INCLUDING AN ACCOUNT OF THE ORIGIN AND NATURE OF BELIEF IN THE SUPERNATURAL.

BY JOHN NETTEN RADCLIFFE.

LONDON: RICHARD BENTLEY, NEW BURLINGTON STREET. 1854.

PRINTED BY HARRISON AND SONS, LONDON GAZETTE OFFICE, ST. MARTIN'S LANE.

FIENDS, GHOSTS, AND SPRITES.

A belief in the supernatural has existed in all ages and among all nations.

To trace the origin of this belief, the causes of the various modifications it has undergone, and the phases it has assumed, is, perhaps, one of the most interesting researches to which the mind can be given,--interesting, inasmuch as we find pervading every part of it the effects of those passions and affections which are most powerful and permanent in our nature.

So general is the belief in a supreme and over-ruling Power, possessing attributes altogether different from and superior to human powers, and bending these and the forces of nature to its will, that the thought has been entertained by many that it is inborn in man. Such a doctrine is, however, refuted by an acquaintance with the inlets and modes of obtaining knowledge; by the fact that reason is necessary to its discovery; and by its uselessness. "There are neither innate ideas nor innate propositions; but there is an innate power of understanding that shows itself in primitive notions, which, when put into speech, are expressed in propositions, which propositions, decomposed, produce, under the influence of abstraction and analysis, distinct ideas."

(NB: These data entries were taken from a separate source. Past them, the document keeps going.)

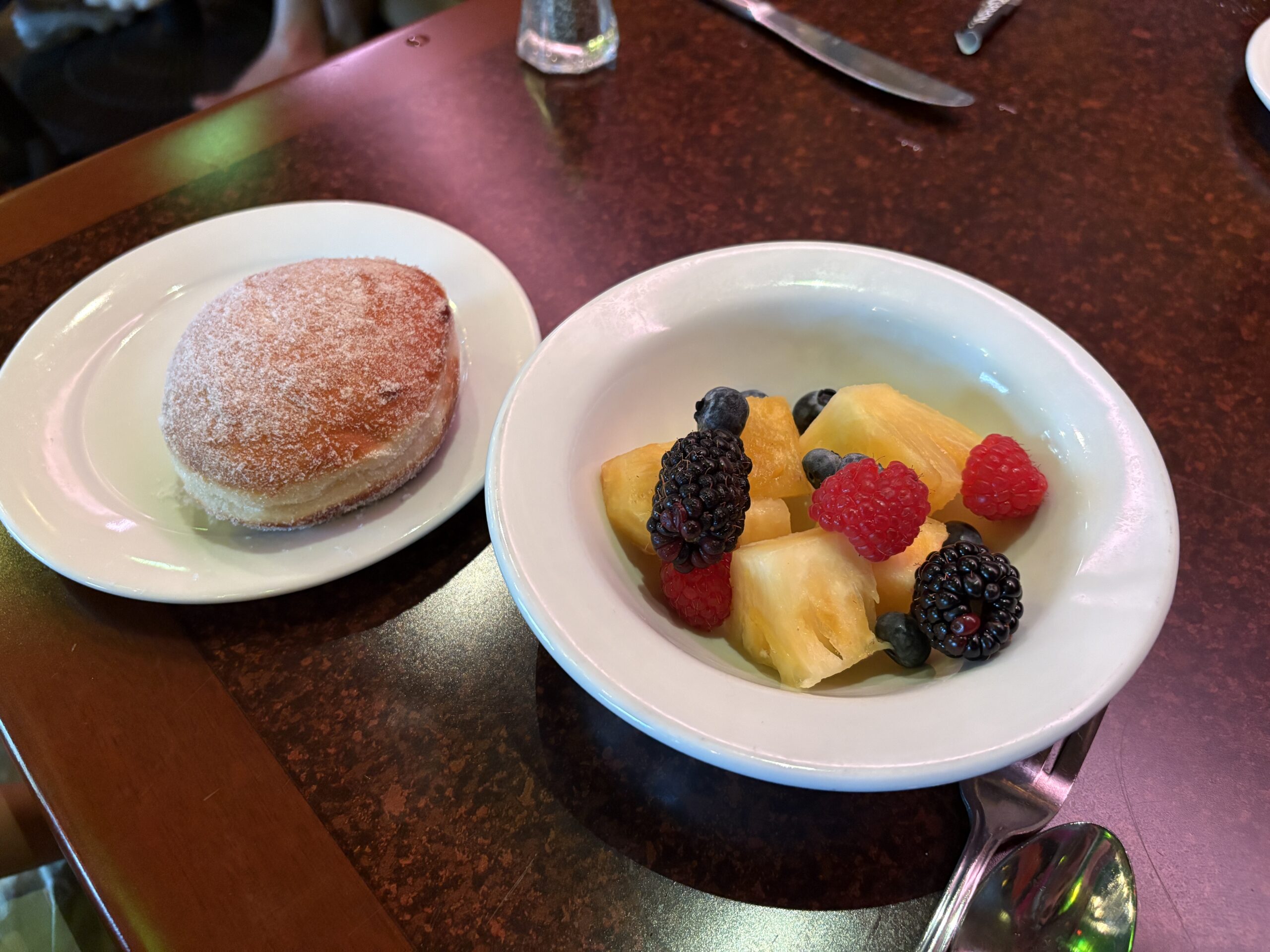 注文が終わると、すぐにマラサダと、季節のフルーツが運ばれてきます。
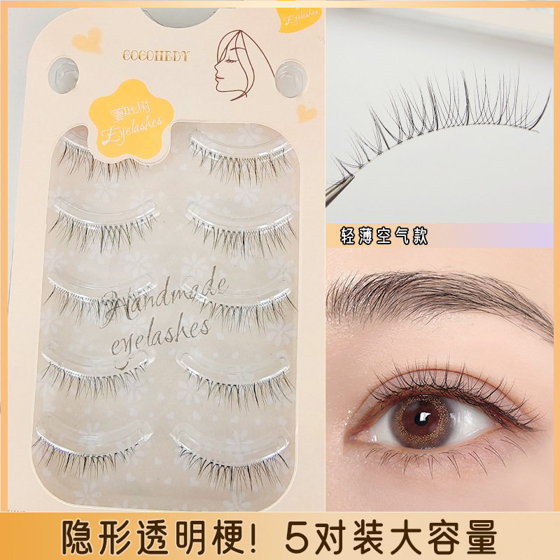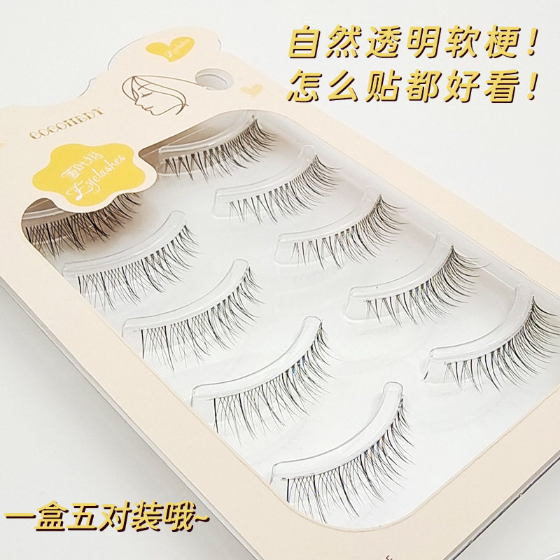假睫毛一片式自然交叉透明梗手工磨尖裸妆素颜可贴整条眼睫毛批发
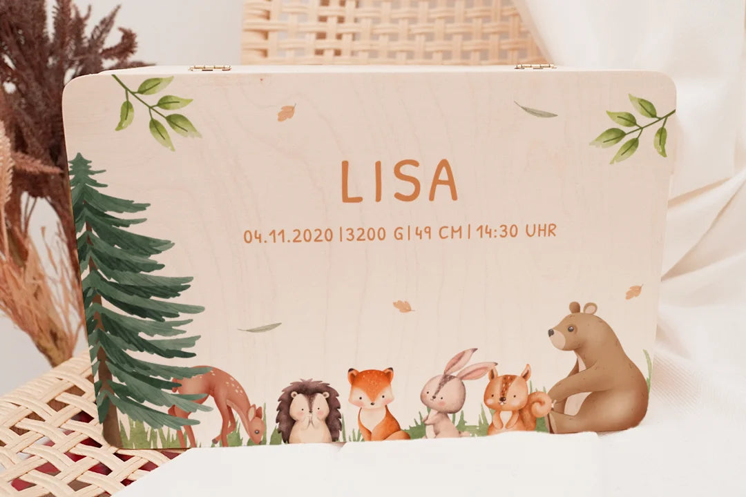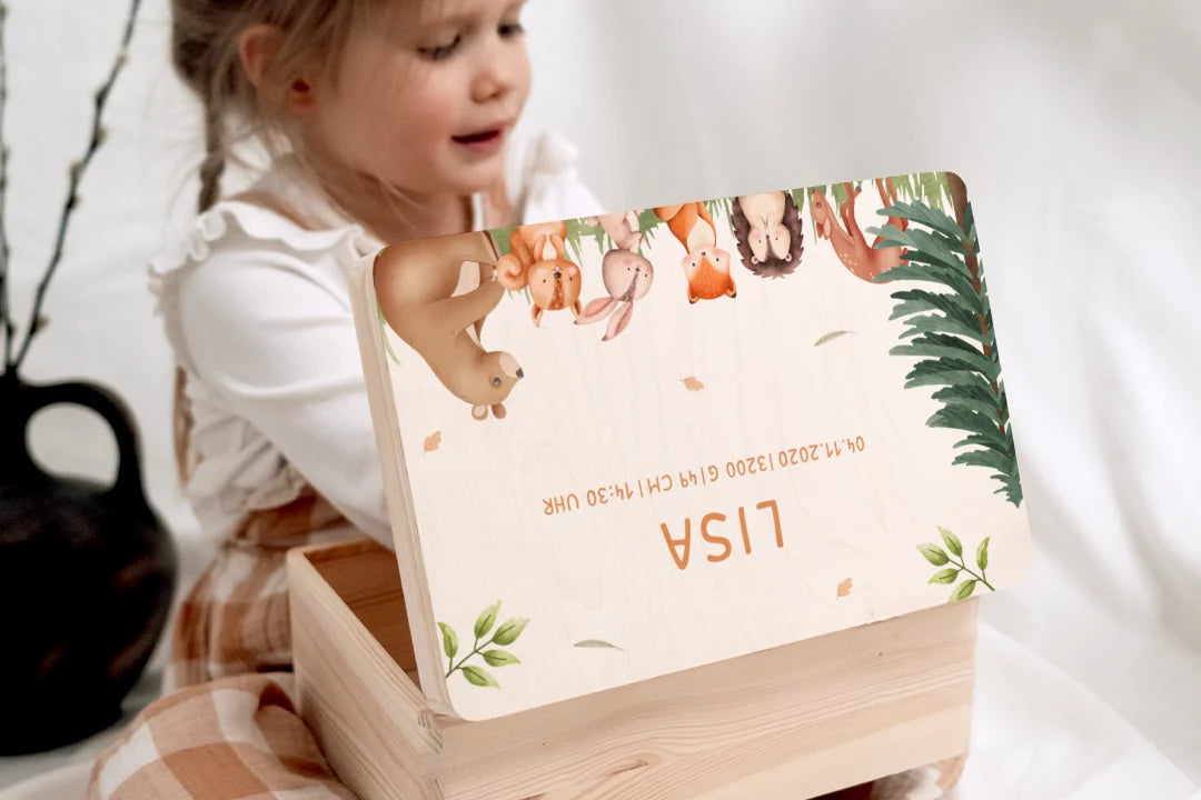 Liebevoll gestaltete Holzkiste für die ersten Erinnerungen – mit Namen und Geburtsdaten personalisierbar.
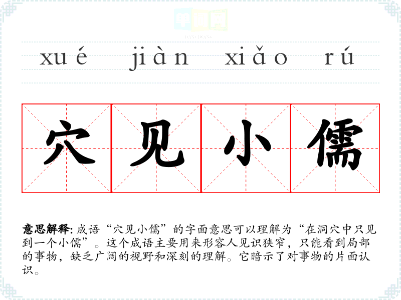 成语“穴见小儒”的字面意思可以理解为“在洞穴中只见到一个小儒”。这个成语主要用来形容人见识狭窄,只能看到局部的事物,缺乏广阔的视野和深刻的理解。它暗示了对事物的片面认识。
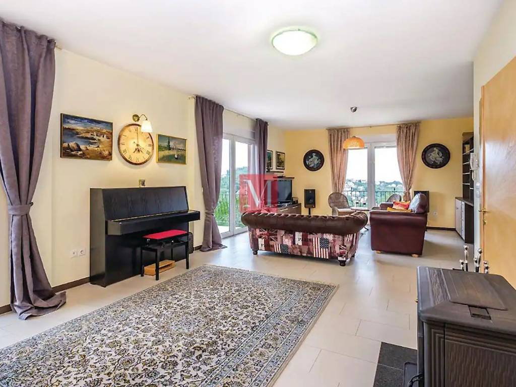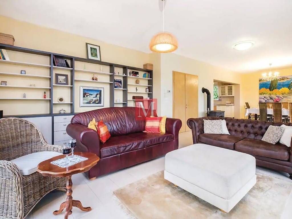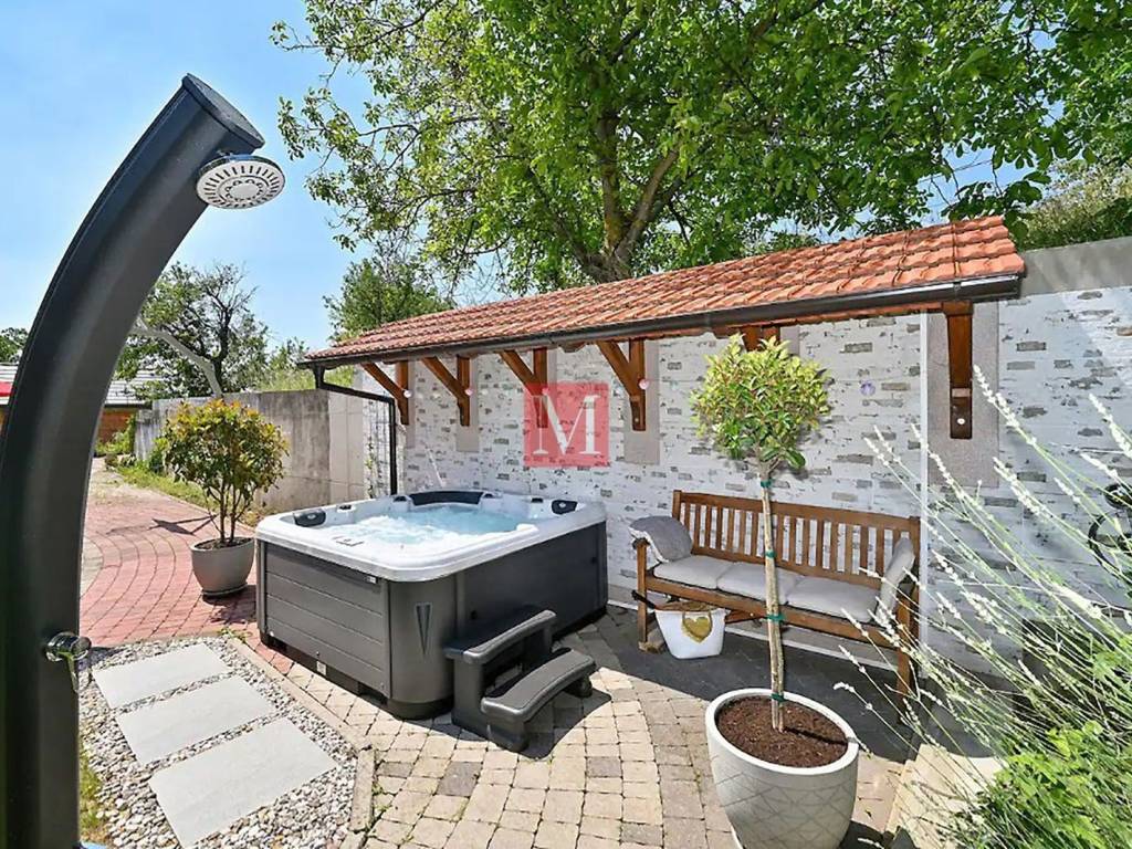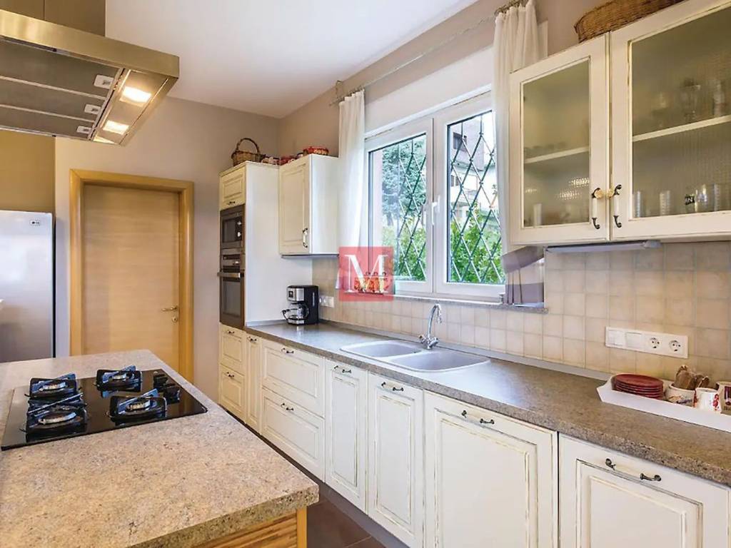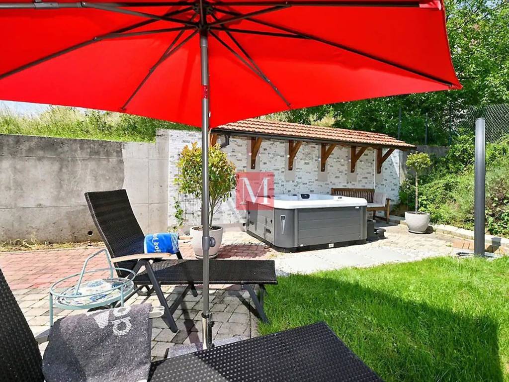 House condition : - almost new, - fully furnished, - equipped, piano Petrof, TV, dryer, washing machine, dishwasher, stove, oven, microwave and all necessary tools in the kitchen. - good quality electrical appliances - many closets and storage space. - double water filtraton system - intelligent building material, good isolaton, fresh in summer and hot in winter. - floor heatng, double glazing, electric shutters everywhere. heatng stove in the living room - very bright. - supermarket, bakery, pharmacy and post office 400 meters away. Electric gate. Large paved courtyard where you can easily park 7, 8 cars. Small orchard. Low bills. French and German International schools only 12 min. by car.
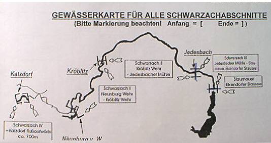 Preis: € 6,- für Schwarzach III (1,3 km wobei dabei 1 km Fliegenfischerstrecke ist) Gewässerkarte:
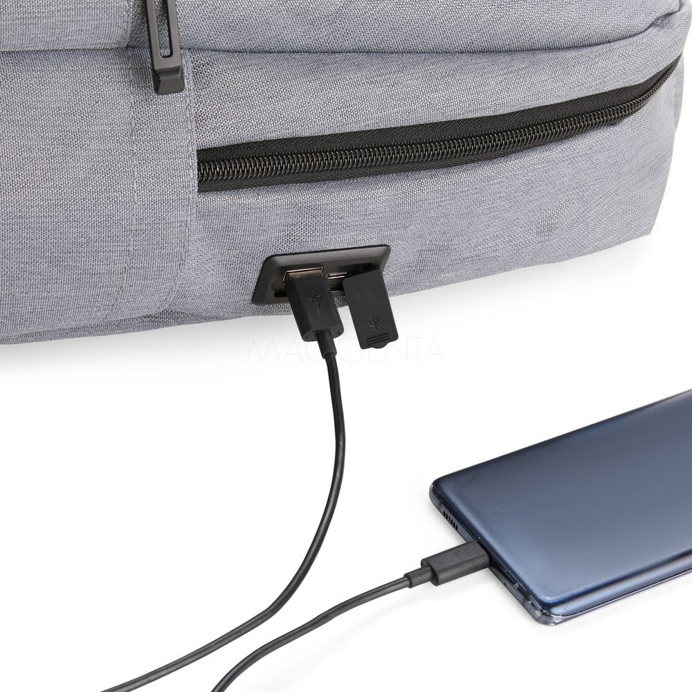 Mochila confeccionada em Oxford Jacquard impermeável com detalhes em couro sintético e capacidade de até 15,6 litros. Possui compartimento principal com bolsos em diferentes tamanhos e uma divisória para notebooks de até 15,3 polegadas. Conta com entrada externa para cabos USB-A e USB-C, dois compartimentos frontais com zíper e dois bolsos laterais abertos. Dispõe ainda de alça superior, duas alças de costas e painel traseiro acolchoados, além de engate em nylon para malas de viagem.
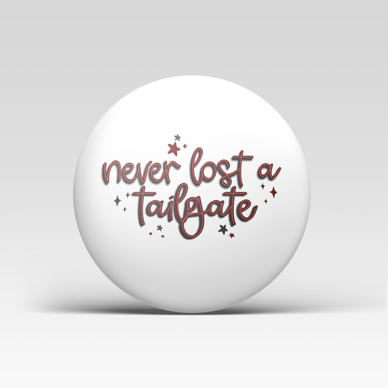 3" Pinback Button Never Lost a Tailgate
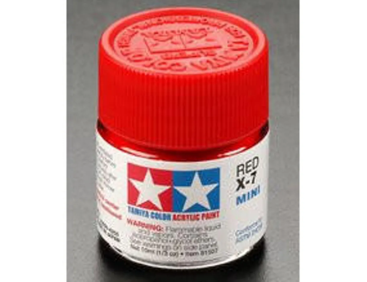 The Tamiya Mini X-07 Red Acrylic Paints come in 10ml bottles and are water-soluble and non-toxic. They are suitable to paint plastic model kits and come in three finishes, gloss, flat and translucent. The Tamiya Acrylic Paint range can be brushed straight from the tub, or thinned to be used in an airbrush.
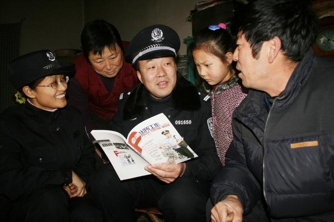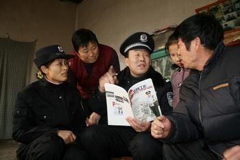1月10日,山东省无棣县公安局信阳派出所民警来到辖区车西村群众赵云生家中,为他讲解最新一期《派出所工作》上所刊登的内容,以案释法。近年来,该所把《派出所工作》作为服务群众、联系群众,提高群众法制意识的有效宣传载体,最大限度地发挥了法制报刊的宣传主阵地作用。

Others have asserted and maintained that man derives his knowledge of the existence of Deity, and, consequently, of the supernatural, from the exercise of reason upon himself and his own powers by self-reflection. If he reflects upon the wonderful power of liberty and free-will which he possesses, on his relation to surrounding beings and things, and particularly on his imperfect, limited, and finite powers, it is argued that the antithetical proposition of infinite must of necessity be admitted. "I cannot have the idea of the finite and of imperfection without having that of perfection and of infinite. These two ideas are logically correlative." Or if man extends his reasoning powers to the study or the contemplation "of the beauty, the order, the intelligence, the wisdom, and the perfection displayed throughout the universe; and as there must of necessity be in the cause what is witnessed in the effect, you reason from nature to its author, and from the existence of the perfection of the one you conclude the existence and perfection of the other."

But many theologists maintain that the knowledge of a Deity, and of the existence of supernatural beings, is derived solely from revelation; and stern and prolonged have been the struggles in this country between the upholders of the rival tenets.

That no idea of a Deity, such as that which the Christian entertains, is to be found among the vague and undefined notions of supernatural power which are contained in the mythologies of pagan nations; that even the conceptions of Plato are to be summed up in the phrase "the unknown God;" and that the perfect idea of the Godhead is to be derived solely from Scripture, can be satisfactorily shown. But the conclusion sought to be established from this, that all our ideas of the supernatural are derived from this source, does not necessarily follow.

The postulate that man can derive a knowledge of the supernatural from the exercise of his mental powers alone, cannot either be affirmed or denied, but it is not improbable.

Perhaps the nearest approach to correctness which we are as yet capable of on this subject is as follows:--

After the creation of man, God revealed himself. The perfect knowledge of the Deity thus obtained, was perpetuated by a fragment of the human race, notwithstanding the baneful effects of the fall; and at the epoch of the deluge, the solitary family which escaped that mighty cataclysm, formed a centre from which anew the attributes and powers of the Godhead were made known in all their truth and purity. But again sin prevailed, and with the exception of one race, who alone treasured the true knowledge of the Deity, mankind lost by degrees the pure faith of their fathers; and as they receded from the light, the idea of the Godhead became obscured, and in the progress of time well nigh lost, and the vague and imperfect ideas of a supernatural Power derived from tradition, prompted to a terror and awe of some invisible yet mighty influence, unknown and inexplicable, but which was manifested to man in the more striking objects and the incomprehensible phenomena of nature, which were regarded and worshipped as the seats of this unknown Power, forming the substratum of those wonderful systems of mythology which have characterised successive eras and races.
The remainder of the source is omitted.